第44話 ネーラと町の住民との決着
「大丈夫ですか?」
カイルはネーラに声をかけた。
「アタタタタ、大丈夫ニャ。ありがとう、カイル」
ネーラに怪我などは無く、素直に立ち上がった。
「お、おまえ! 魔族! みんな! 魔族が出たぞ!」
ネーラの真っ黒な猫耳を見た肉屋のおじさんが、恐怖混じりの大声を上げた。
その声に町の連中が棒や鎌、包丁などを持って現れた。
肉屋のおじさんも大きな肉切り包丁を手に殺気立っている。
「魔族と一緒だと、お前らは魔族の仲間か?」
ノアールの返答ひとつで町の連中が全て敵に回る。そんな状況だった。
カイルはネーラを守るように背中に隠し、いつでもコンバットスーツを装着できるように準備していた。
そしてノアールはあきれ果てた顔で、肉屋のおじさんの前に出た。
「はぁ~!? 何言ってるの? わたしがこの魔族の仲間かって!? 何を馬鹿な事を言ってるのよ。そんなバカな事を言っていたらぶっ飛ばすわよ」
ノアールがおじさん相手にすごむ。見た目はおとなしい少女のノアールだが、いざとなれば怖い。その変貌ぶりにおじさんはたじろぐ。
「だ、だったら、そこの魔族をこっちに渡して貰おうか」
「そうだ、そうだ、魔族なんて全員ぶち殺してやる!」
「そいつを渡せ!」
町のみんなは口々に好き放題言っていた。
町の住民の悪意を一身に受けるネーラはカイルの後ろでおびえていた。
「ノアール……」
ネーラはノアールに引き渡さないでと懇願しようとして口をつぐむ。
ノアールはネーラを嫌っている。ネーラがお願いをしても意味がないのではないか。先ほどもノアールはネーラの事を仲間だとは言ってくれなかった。頼れるのはカイルしかいない。
ネーラはカイルの服をぎゅっと握った。
「大丈夫ですよ」
ノアールの背中を見ているカイルはそっとつぶやいた。
「カイル……」
ネーラは瞳に一杯の涙を浮かべていた。
「さあ、嬢ちゃん、その魔族をこっちに渡しな」
「嫌よ」
「はぁ!? なんでだ? そいつはあんたの仲間でも何でも無いんだろう?」
「誰がそんなことを言ったのよ。わたしたちがこいつの仲間じゃなくて、こいつがわたしたちの仲間なの。そこのところ勘違いしないでちょうだい。さあ、行くわよ。カイル、ネーラ」
そう言って、ノアールは集まった町の住民を無視するように歩き始めた。
「……ノアール」
「ね、言ったでしょう。ああ見えて、ノアールはちゃんとネーラの事を認めているんですよ」
カイルはその後ろに付いていく。
唖然としていた町の住民の中で言い出しっぺの肉屋のおじさんが我に返った。
「まて! お前らも魔族の仲間なんだったら、まとめてぶっ殺してやる」
その言葉にカイルはコンバットスーツを身につけて、レーザーガンを抜くと一瞬でおじさんの肉切り包丁を破壊すると、おじさんは腰を抜かして座り込んだ。
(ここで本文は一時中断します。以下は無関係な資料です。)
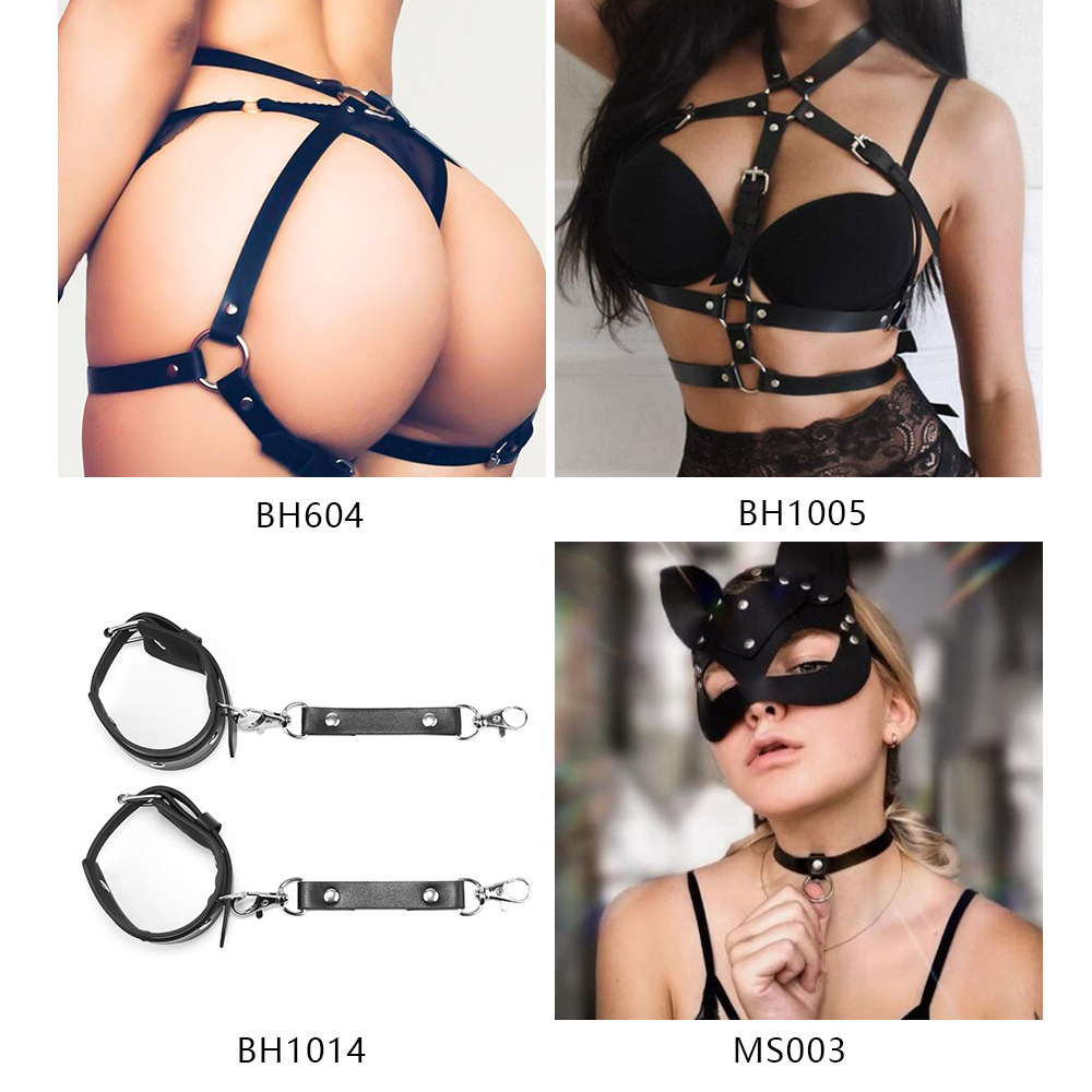 Color: Mask (MS003), handcuffs (BH1014), jacket (BH1005), bottom (BH604), bottom (TD128), BT010 jacket bottom 2 piece set (BH1005 BH604),BT011 top bottom handcuffs set of 3 (BH1005 BH604 BH1014),BT012 top bottom handcuffs mask set of 4 (BH1005 BH604 BH1014 MS003),BT028 upper and lower handcuffs mask set of 4 (BH1005 TD128 BH1014 MS003)

「今のはわざと包丁だけ狙いました。まだ何か文句があるようでしたら、容赦しませんし、武器はこれだけでは無いですよ。この町くらいであれば一撃で半分くらいは吹き飛ばせますが、お見せしましょうか?」
カイルはあくまで冷静に事実だけをのべた。
見たことも無い鎧と武器に町の住民の身体も頭も固まっていた。
「あら、カイル。ダメですよ。おじさんの商売道具をそんなにしては、少ないですが弁償しますわ」
そう言ってノアールは肉切り包丁など十本は買える額のお金をおじさんに手渡した。
「これからもちょくちょく買い物に来ますから、そのときはよろしくお願いしますね」
そう言ってにっこり笑うノアールの瞳は全く笑っていなかった。今後、自分達に何かすればその時こそ容赦しないぞと言っている。おじさんはノアールの瞳を見てそう感じた。
「は、はい」
「よろしい。これからもよろしくね」
そう言うと、三人は大量の食料と共に屋敷へと戻ったのだった。